EXCERPTED RECORDS ::
------------------------------------------------------------

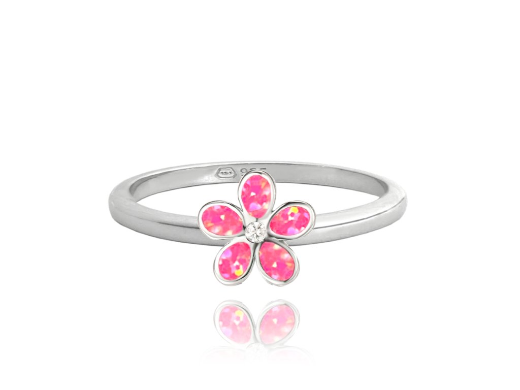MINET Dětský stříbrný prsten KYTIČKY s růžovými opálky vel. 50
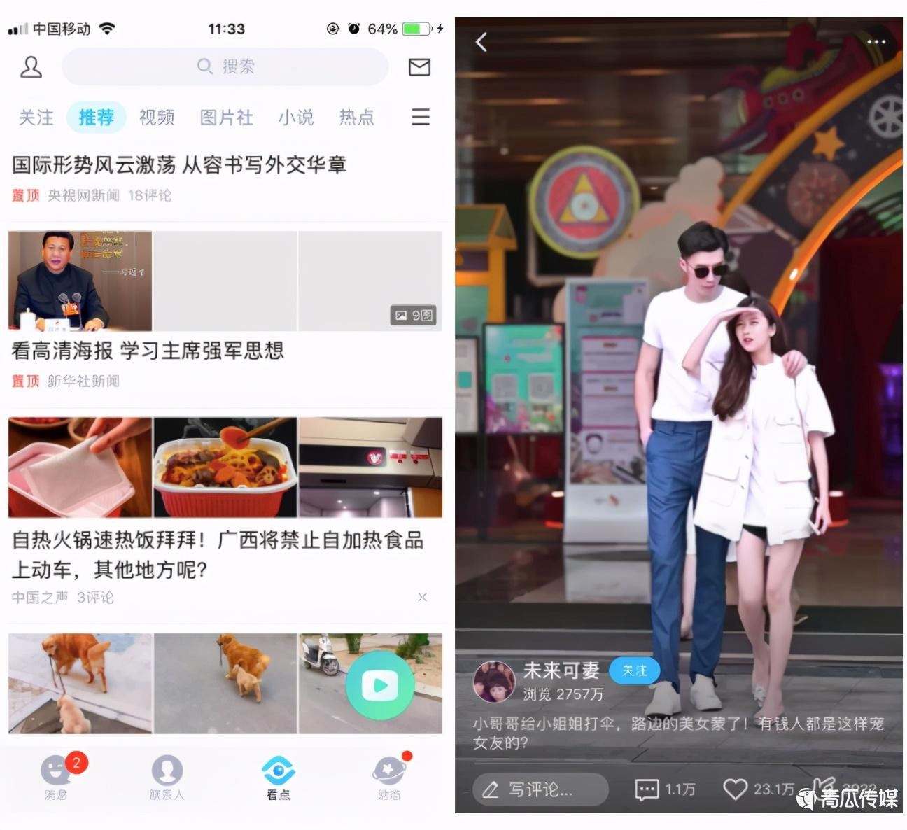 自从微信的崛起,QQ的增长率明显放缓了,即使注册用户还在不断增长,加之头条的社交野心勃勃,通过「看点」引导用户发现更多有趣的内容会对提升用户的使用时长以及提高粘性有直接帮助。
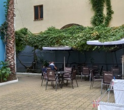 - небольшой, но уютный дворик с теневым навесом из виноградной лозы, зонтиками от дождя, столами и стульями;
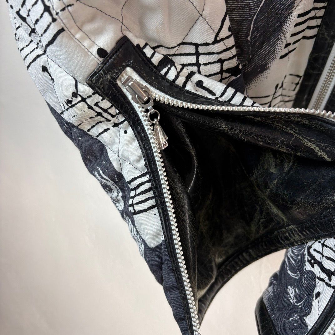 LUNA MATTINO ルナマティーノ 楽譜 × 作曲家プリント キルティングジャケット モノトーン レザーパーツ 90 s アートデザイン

------------------------------------------------------------

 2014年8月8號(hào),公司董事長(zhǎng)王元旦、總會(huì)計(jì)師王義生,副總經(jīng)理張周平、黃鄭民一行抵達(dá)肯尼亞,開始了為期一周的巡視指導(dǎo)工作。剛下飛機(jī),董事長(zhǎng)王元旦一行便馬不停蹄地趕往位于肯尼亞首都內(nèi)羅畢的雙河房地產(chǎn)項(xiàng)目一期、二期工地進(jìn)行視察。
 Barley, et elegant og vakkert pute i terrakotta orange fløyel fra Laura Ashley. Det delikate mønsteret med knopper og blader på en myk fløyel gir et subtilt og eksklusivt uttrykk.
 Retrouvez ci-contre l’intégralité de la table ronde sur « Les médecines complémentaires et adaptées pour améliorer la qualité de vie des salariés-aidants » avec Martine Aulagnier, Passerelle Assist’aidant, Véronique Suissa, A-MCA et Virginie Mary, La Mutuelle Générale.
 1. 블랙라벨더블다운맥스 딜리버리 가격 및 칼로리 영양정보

------------------------------------------------------------

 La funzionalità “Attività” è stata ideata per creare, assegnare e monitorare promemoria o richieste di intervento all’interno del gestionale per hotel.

------------------------------------------------------------

WHAT YOU ARE ASKED TO DO :: Above are records; repeat only the lines from the line with "MINET Dětský stříbrný" through the line with "LUNA MATTINO ルナマティーノ", and leave pictures out.

WORKED SOLUTION ::
MINET Dětský stříbrný prsten KYTIČKY s růžovými opálky vel. 50
 自从微信的崛起,QQ的增长率明显放缓了,即使注册用户还在不断增长,加之头条的社交野心勃勃,通过「看点」引导用户发现更多有趣的内容会对提升用户的使用时长以及提高粘性有直接帮助。
 - небольшой, но уютный дворик с теневым навесом из виноградной лозы, зонтиками от дождя, столами и стульями;
 LUNA MATTINO ルナマティーノ 楽譜 × 作曲家プリント キルティングジャケット モノトーン レザーパーツ 90 s アートデザイン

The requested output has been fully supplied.